Supplied data
# # #

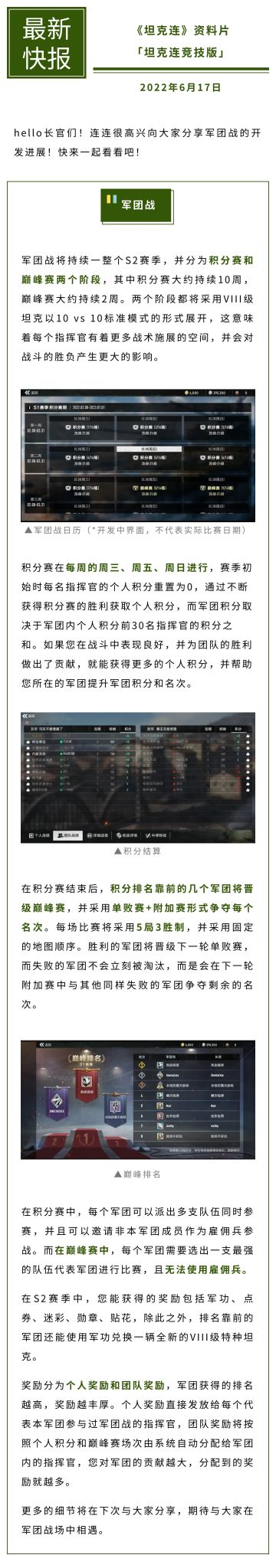 { "text": "#坦克连#【开发日志】军团战开发进展曝光!", "raw_text": "" }
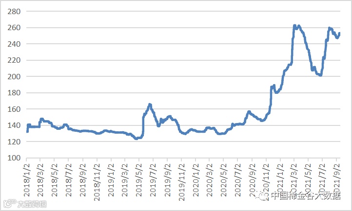 图1 镨钕系轻稀土挂牌价格走势图(201908-202108)
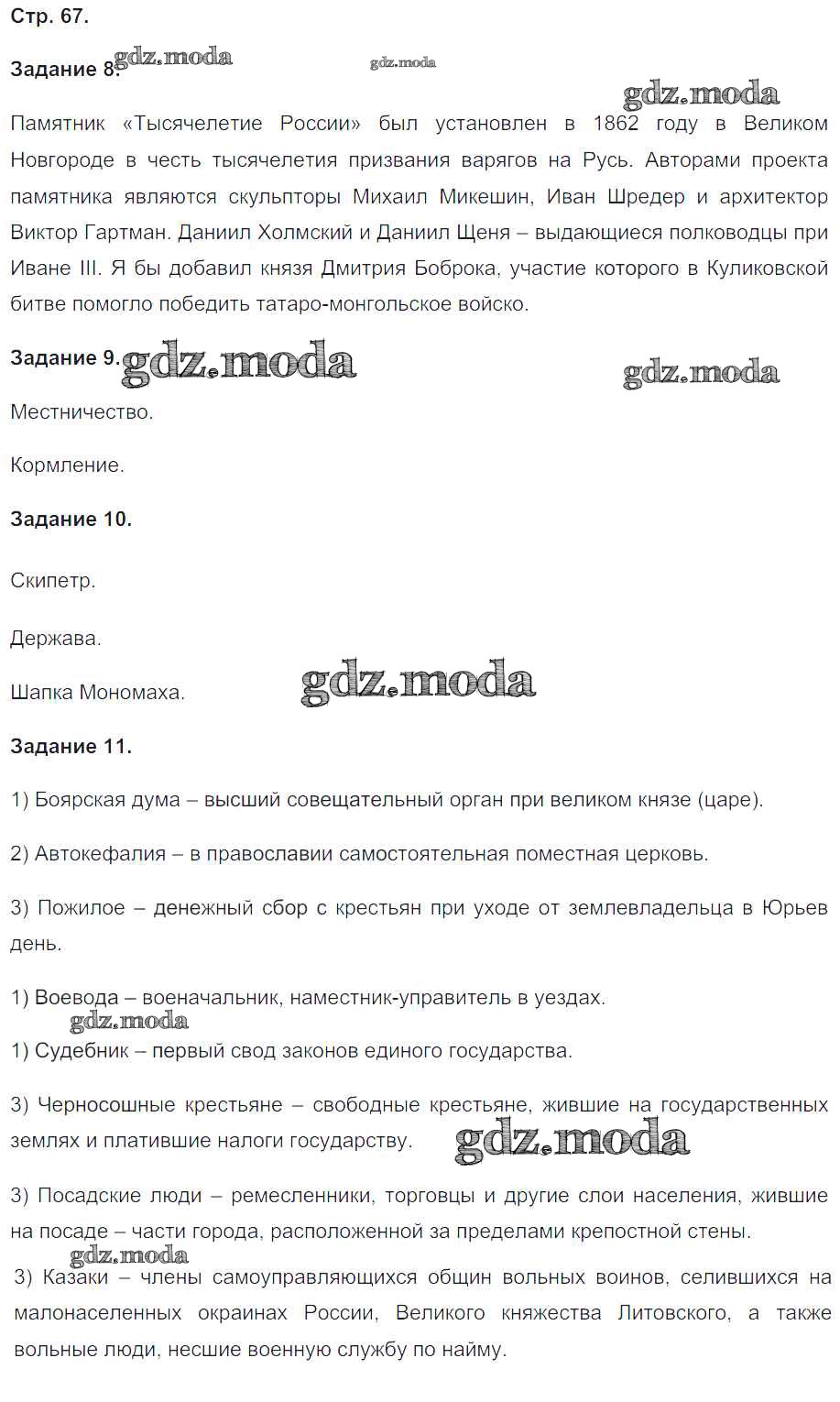 ГДЗ решение к заданию № 67 История России 6 класс рабочая тетрадь Чернова М.Н. (к уч. Торкунова) Экзамен 2017 Часть 1, Часть 2 ФГОС бесплатно на гдз.мода!

# # #

Problem requirements
Your copy must consist solely of the lines from the one containing "图1 镨钕系轻稀土挂牌价格走势图(201908-202108)" through the final line of the material above, transcribed exactly, with the pictures left out.

Output
 图1 镨钕系轻稀土挂牌价格走势图(201908-202108)
 ГДЗ решение к заданию № 67 История России 6 класс рабочая тетрадь Чернова М.Н. (к уч. Торкунова) Экзамен 2017 Часть 1, Часть 2 ФГОС бесплатно на гдз.мода!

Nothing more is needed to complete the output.